Your objective — Copying rule for the data below: pictures stay out, and only the lines from the one with "Armani Exchange Men's" down to the one with "체인 미니 라피아 버킷백", inclusive, are repeated exactly.

Supplied data —
○ ○ ○ ○

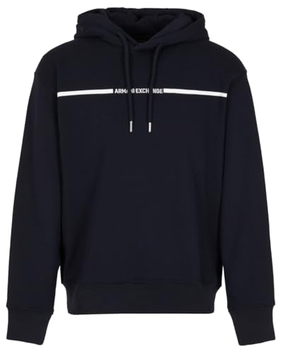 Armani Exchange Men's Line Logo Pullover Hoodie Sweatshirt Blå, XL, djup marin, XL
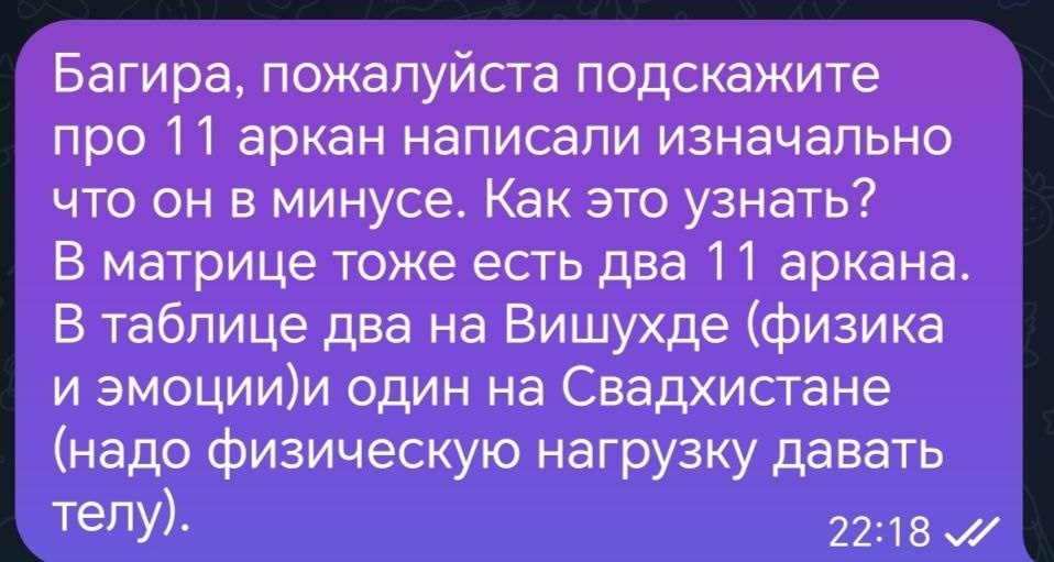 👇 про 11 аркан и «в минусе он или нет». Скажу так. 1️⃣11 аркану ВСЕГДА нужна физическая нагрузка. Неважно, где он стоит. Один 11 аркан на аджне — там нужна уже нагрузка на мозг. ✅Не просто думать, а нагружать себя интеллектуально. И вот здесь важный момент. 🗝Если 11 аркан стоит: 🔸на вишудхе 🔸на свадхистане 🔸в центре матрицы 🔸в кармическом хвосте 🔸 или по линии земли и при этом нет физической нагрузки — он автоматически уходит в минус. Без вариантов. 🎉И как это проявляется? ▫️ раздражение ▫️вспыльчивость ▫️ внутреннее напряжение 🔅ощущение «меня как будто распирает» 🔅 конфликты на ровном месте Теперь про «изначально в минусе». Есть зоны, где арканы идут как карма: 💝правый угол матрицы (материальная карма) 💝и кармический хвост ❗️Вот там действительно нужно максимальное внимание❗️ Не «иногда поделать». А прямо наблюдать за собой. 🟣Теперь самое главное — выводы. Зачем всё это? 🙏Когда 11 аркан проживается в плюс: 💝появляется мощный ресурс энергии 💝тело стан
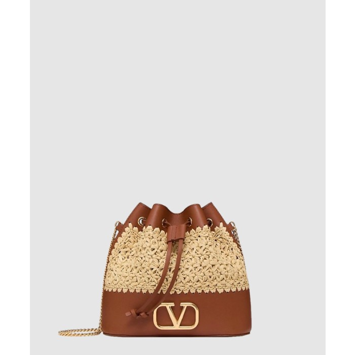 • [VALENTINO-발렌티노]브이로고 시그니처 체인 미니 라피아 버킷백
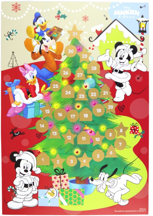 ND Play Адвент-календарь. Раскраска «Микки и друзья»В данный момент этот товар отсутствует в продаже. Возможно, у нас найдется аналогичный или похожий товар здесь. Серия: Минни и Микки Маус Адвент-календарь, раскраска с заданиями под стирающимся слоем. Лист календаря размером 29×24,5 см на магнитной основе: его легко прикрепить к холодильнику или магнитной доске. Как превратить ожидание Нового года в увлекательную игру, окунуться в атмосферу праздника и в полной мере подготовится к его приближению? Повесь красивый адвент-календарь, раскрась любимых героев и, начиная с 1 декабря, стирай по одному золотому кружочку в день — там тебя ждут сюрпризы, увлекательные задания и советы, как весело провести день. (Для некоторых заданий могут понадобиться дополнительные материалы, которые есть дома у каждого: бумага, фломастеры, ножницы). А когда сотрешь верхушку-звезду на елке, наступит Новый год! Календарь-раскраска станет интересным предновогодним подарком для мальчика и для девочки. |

○ ○ ○ ○

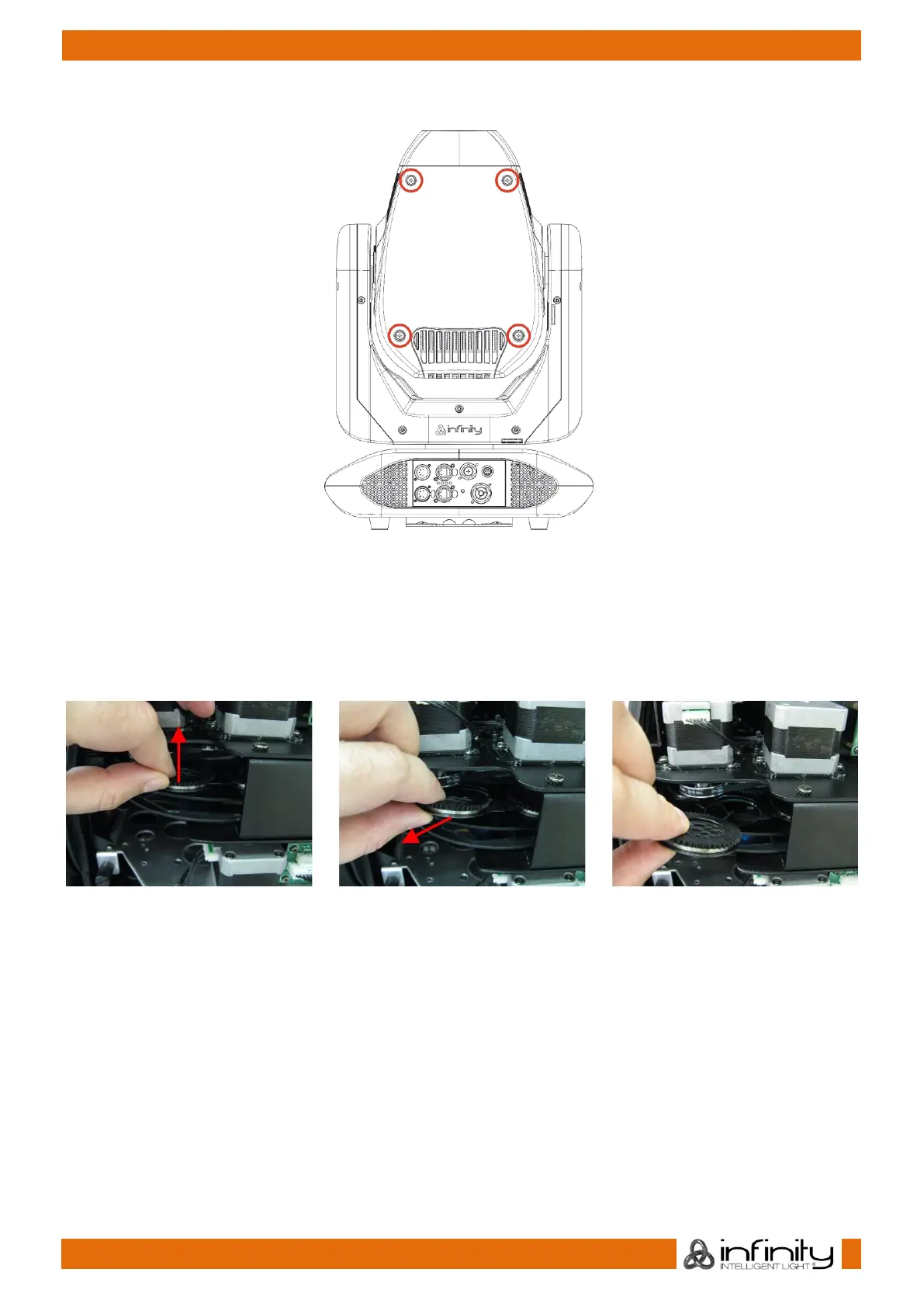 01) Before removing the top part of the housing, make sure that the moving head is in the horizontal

○ ○ ○ ○

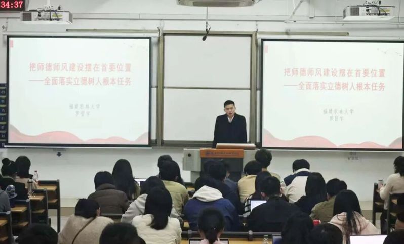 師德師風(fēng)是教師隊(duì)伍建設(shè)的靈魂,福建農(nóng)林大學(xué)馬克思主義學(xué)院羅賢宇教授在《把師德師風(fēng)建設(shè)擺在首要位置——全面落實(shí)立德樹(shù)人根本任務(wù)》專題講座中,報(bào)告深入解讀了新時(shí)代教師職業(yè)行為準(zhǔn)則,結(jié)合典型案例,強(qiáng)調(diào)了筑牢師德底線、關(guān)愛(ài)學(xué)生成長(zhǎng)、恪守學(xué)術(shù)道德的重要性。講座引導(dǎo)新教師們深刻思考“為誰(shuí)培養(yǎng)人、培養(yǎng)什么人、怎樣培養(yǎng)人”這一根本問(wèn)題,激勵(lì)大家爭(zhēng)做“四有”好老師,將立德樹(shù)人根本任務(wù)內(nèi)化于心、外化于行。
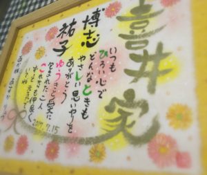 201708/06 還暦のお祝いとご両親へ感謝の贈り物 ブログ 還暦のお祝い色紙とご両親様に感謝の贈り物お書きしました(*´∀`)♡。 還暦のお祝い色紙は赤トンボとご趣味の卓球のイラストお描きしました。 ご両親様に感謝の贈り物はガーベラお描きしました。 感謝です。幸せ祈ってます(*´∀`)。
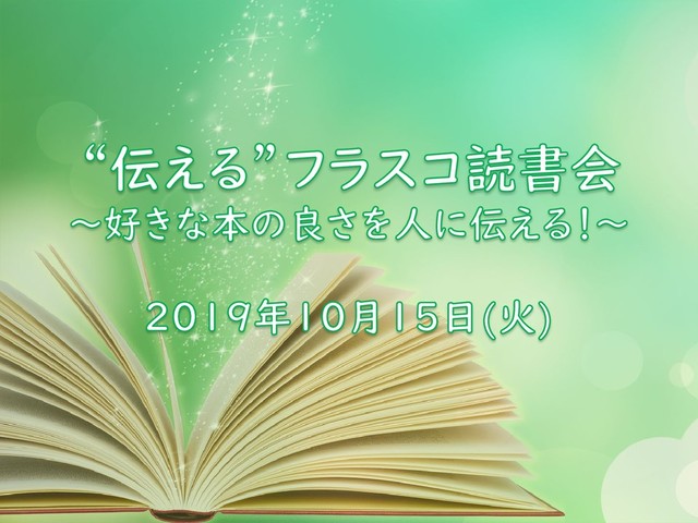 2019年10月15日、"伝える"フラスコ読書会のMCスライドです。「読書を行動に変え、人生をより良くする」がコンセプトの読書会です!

○ ○ ○ ○

Your response —
 Armani Exchange Men's Line Logo Pullover Hoodie Sweatshirt Blå, XL, djup marin, XL
 👇 про 11 аркан и «в минусе он или нет». Скажу так. 1️⃣11 аркану ВСЕГДА нужна физическая нагрузка. Неважно, где он стоит. Один 11 аркан на аджне — там нужна уже нагрузка на мозг. ✅Не просто думать, а нагружать себя интеллектуально. И вот здесь важный момент. 🗝Если 11 аркан стоит: 🔸на вишудхе 🔸на свадхистане 🔸в центре матрицы 🔸в кармическом хвосте 🔸 или по линии земли и при этом нет физической нагрузки — он автоматически уходит в минус. Без вариантов. 🎉И как это проявляется? ▫️ раздражение ▫️вспыльчивость ▫️ внутреннее напряжение 🔅ощущение «меня как будто распирает» 🔅 конфликты на ровном месте Теперь про «изначально в минусе». Есть зоны, где арканы идут как карма: 💝правый угол матрицы (материальная карма) 💝и кармический хвост ❗️Вот там действительно нужно максимальное внимание❗️ Не «иногда поделать». А прямо наблюдать за собой. 🟣Теперь самое главное — выводы. Зачем всё это? 🙏Когда 11 аркан проживается в плюс: 💝появляется мощный ресурс энергии 💝тело стан
 • [VALENTINO-발렌티노]브이로고 시그니처 체인 미니 라피아 버킷백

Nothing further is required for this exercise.